• [Dataset excerpts]
===============

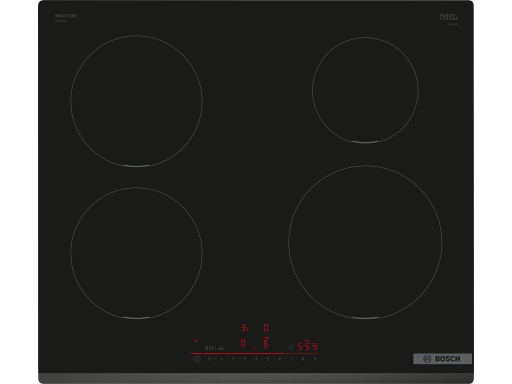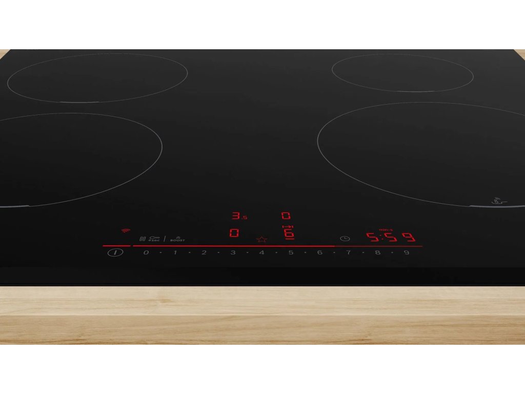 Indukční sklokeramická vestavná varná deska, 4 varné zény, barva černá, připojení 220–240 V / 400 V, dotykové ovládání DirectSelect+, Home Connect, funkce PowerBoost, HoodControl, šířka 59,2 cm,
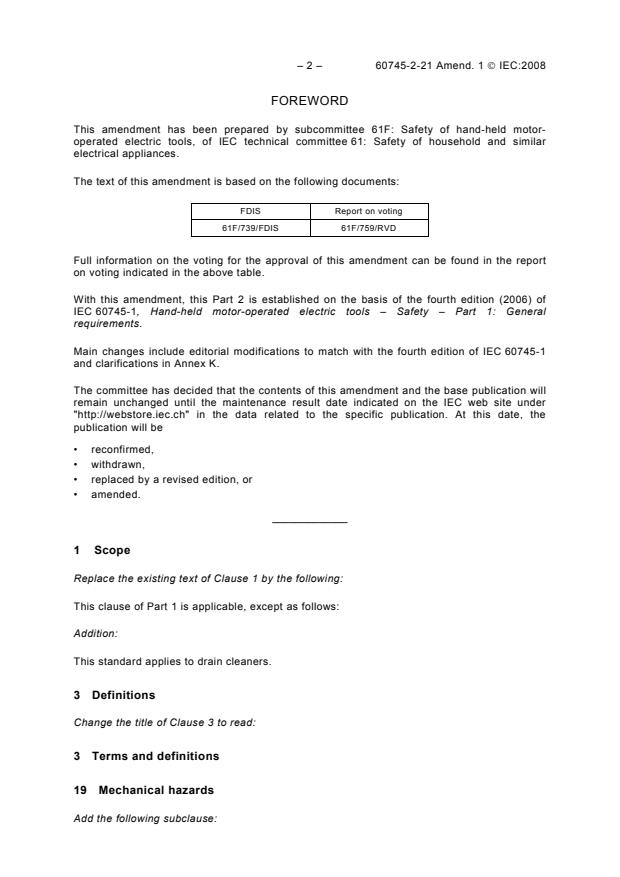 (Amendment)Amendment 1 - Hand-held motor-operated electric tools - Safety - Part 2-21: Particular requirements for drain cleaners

===============

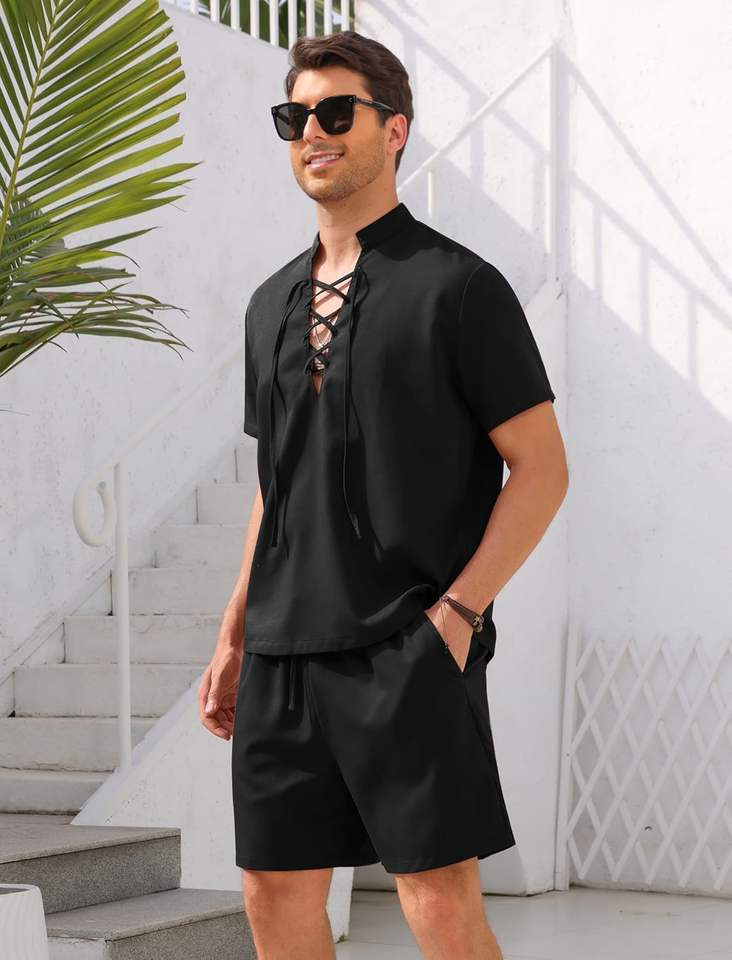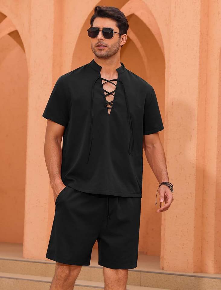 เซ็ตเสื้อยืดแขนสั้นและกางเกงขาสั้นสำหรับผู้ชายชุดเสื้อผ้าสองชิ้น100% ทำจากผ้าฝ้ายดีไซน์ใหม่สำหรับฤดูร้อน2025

===============

• [To do] In the records above, find the line containing "Indukční sklokeramická vestavná" and the line containing "(Amendment)Amendment 1 - Hand-held", then give both of them again word for word along with every line between. Omit any pictures.

• [Exercise result]
 Indukční sklokeramická vestavná varná deska, 4 varné zény, barva černá, připojení 220–240 V / 400 V, dotykové ovládání DirectSelect+, Home Connect, funkce PowerBoost, HoodControl, šířka 59,2 cm,
 (Amendment)Amendment 1 - Hand-held motor-operated electric tools - Safety - Part 2-21: Particular requirements for drain cleaners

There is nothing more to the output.